> **Supplied records**:
════════

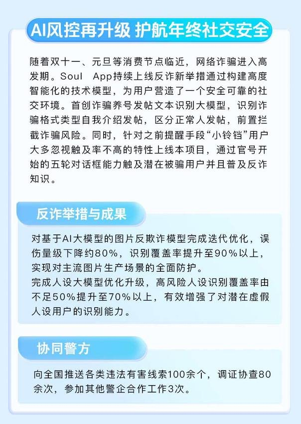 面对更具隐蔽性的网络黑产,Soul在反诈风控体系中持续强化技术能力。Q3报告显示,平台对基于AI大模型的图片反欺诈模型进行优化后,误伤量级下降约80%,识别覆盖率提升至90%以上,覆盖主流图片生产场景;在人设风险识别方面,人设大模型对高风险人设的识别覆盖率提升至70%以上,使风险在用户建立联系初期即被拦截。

════════

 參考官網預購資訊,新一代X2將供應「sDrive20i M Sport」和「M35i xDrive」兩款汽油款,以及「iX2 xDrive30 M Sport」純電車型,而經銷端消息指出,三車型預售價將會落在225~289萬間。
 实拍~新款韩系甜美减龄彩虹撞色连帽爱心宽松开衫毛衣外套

════════

> **Exercise objective**: What are the lines, exactly as written above, from the line with "參考官網預購資訊,新一代X2將供應「sDrive20i M Sport」和「M35i" to the line with "实拍~新款韩系甜美减龄彩虹撞色连帽爱心宽松开衫毛衣外套", both included? Output only those.

> **Finished task**:
 參考官網預購資訊,新一代X2將供應「sDrive20i M Sport」和「M35i xDrive」兩款汽油款,以及「iX2 xDrive30 M Sport」純電車型,而經銷端消息指出,三車型預售價將會落在225~289萬間。
 实拍~新款韩系甜美减龄彩虹撞色连帽爱心宽松开衫毛衣外套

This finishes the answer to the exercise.